* _WORK ITEM_
Write out the listing exactly, from its first line through the line holding "Gebruik de zoekbalk", but include none of the pictures.

* _GIVEN MATERIAL_
━━━━━━━━━━

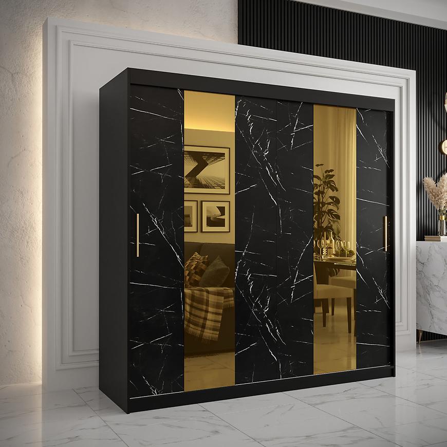 Szafa Platinum Pole z lustrem w złotym kolorze to nie tylko praktyczne miejsce do przechowywania ubrań, ale również funkcjonalny element, który optycznie powiększa przestrzeń. Lustro dodaje również elegancji i sprawia, że codzienna pielęgnacja wygląda jeszcze lepiej.
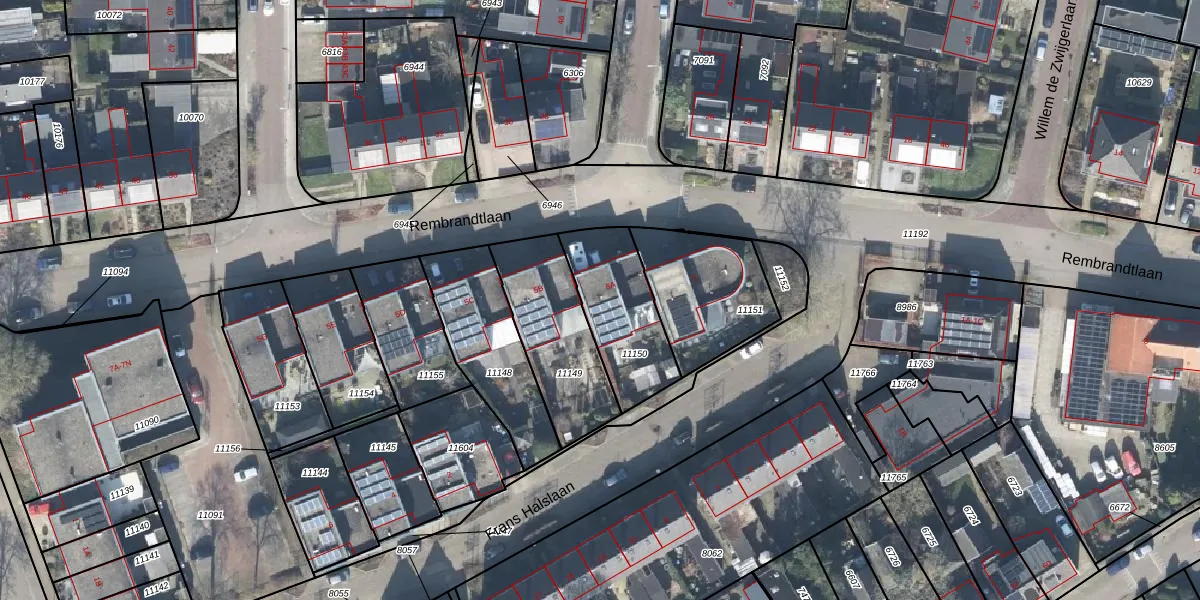Gebruik de zoekbalk of klik op een perceel voor informatie over de adressen binnen dit perceel.
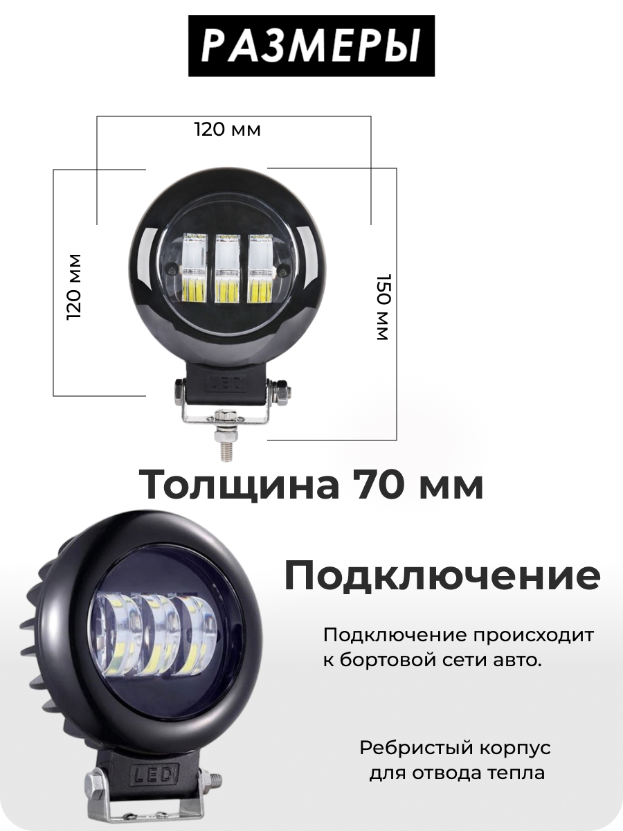 Габаритные размеры фары – ширина 120мм, высота 120мм (с креплением 150мм) и толщина 70мм – позволяют легко интегрировать ее в штатные места или установить дополнительно на различные транспортные средства. Рабочее напряжение 12-24 Вольт обеспечивает совместимость с большинством бортовых сетей. Наличие сертификата ГОСТ Р №0000733 от 12.05.22 гарантирует соответствие фары стандартам качества и безопасности, делая ее надежным и эффективным выбором.

━━━━━━━━━━

* _EXERCISE RESPONSE_
 Szafa Platinum Pole z lustrem w złotym kolorze to nie tylko praktyczne miejsce do przechowywania ubrań, ale również funkcjonalny element, który optycznie powiększa przestrzeń. Lustro dodaje również elegancji i sprawia, że codzienna pielęgnacja wygląda jeszcze lepiej.
Gebruik de zoekbalk of klik op een perceel voor informatie over de adressen binnen dit perceel.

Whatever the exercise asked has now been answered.